Mi servirà per il futuro ma anche per il presente, in cui capirò che se tiri la corda, poi la corda si spezza. Me lo dicevi sempre tu, ma io mica ci facevo caso. Non potevo rinunciare alle mie scappatelle, avevo detto di amarti, ed era anche vero, ma lo facevo a modo mio. La carne è carne e ti chiede qualche distrazione all’abitudine dell’amore. Ho sempre pensato che tra le due cose ci sia una linea sottile, è come mangiare, ma mangiare sempre la stessa cosa. Ad un tratto il corpo ti chiede qualcos’altro.

Quando la sera tornavo a letto credevo di averti fregata, ma ora penso che tu stessi lì a far finta di dormire, girata su di un lato, opposto al mio. Io rimanevo immobile, bloccato, perché i sensi di colpa non mi facevano chiudere occhio, tu immagino invece che piangessi piano, prendessi mazzate dentro, resistessi e resistessi.
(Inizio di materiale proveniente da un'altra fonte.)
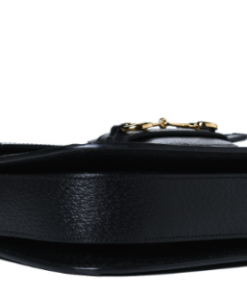 In black and ivory, this is a genuine GUCCI Jacquard Black Denim GG Monogram Textured Dollar Calfskin Horsebit Shoulder Bag from 1955. This chic shoulder bag is made of timeless black denim with the GG monogram. The bag has a gold horsebit accent and a leather shoulder strap that loops. The top flap opens to reveal a beige, divided interior with patch pockets and a zipper.

Ma non si può resistere per sempre.

Come ogni storia, anche la nostra, era nata un po’ per caso ma pian piano ci siamo avvicinati sempre di più ed è sbocciato qualcosa di forte, non l’ho mai negato questo. Poi nel momento più sbagliato, ogni volta, dentro me riemerge un mostro che mi trasforma e mi peggiora. Ed è in quell’esatto momento che mi vengono in mente puntuali le parole di Jim Morrison, che diceva: “Penso a me stesso come un essere intelligente e sensibile, ma con l’anima di un pagliaccio che mi costringe a distruggere tutto nel momento più importante”.

Ero anche io un pagliaccio, pronto a spaccare tutto per andare a consolare delle amiche di letto, per sentire i loro sfoghi e le loro nenie disperate sulle loro storie che andavano a singhiozzo tra alti e bassi. Piuttosto che recuperare la mia, preferivo fare lo psicologo da strapazzo a qualcun’ altra. Chi avrebbe dovuto riprendere la nostra? Tu per un po’ ci hai anche provato, ma che senso ha volere una cosa se l’altro se ne frega? Il fatto più strano è che non senti la mancanza di qualcosa, finché quel qualcosa lo perdi e non lo ritroverai mai più.

Quando mi facevi le ramanzine e sospettavi, io dicevo tra me e me che era solo questione di minuti e tutto sarebbe passato. Ero bravo a farmi perdonare. Non si possono accumulare troppi errori, diventano un muro troppo grande da scalare o da abbattere e poi si rimane divisi per sempre. Esattamene quello che è successo a noi due. Quasi quattro anni mandati all’aria per cose di cui si può far benissimo a meno.

Ho disseminato per casa quei fogli proprio per tenerlo bene a mente, per sbattermi la testa sulle pareti e dirmi: “Sei proprio un coglione!”. Tutti i giorni me ne sto a pensare, scrivere e bere con la musica a riempire quel vuoto che attraversa questo appartamento.

Oggi è il nostro anniversario e sono andato alla pasticceria che ti piaceva tanto, ho preso la torta che amavi ed ho comprato una candelina col numero 4. Si, oggi sarebbero stati 4 anni da quel giorno in cui mi hai baciato e ti sei subito voltata, arrossita. Ho provato anche a mandarti un sms, chissà se l’hai letto, non credo e ti capisco pure. Non era il caso di inviartelo ma non ce l’ho fatta a trattenermi. A volte è tardi per chiedere scusa, altre volte semplicemente può non bastare.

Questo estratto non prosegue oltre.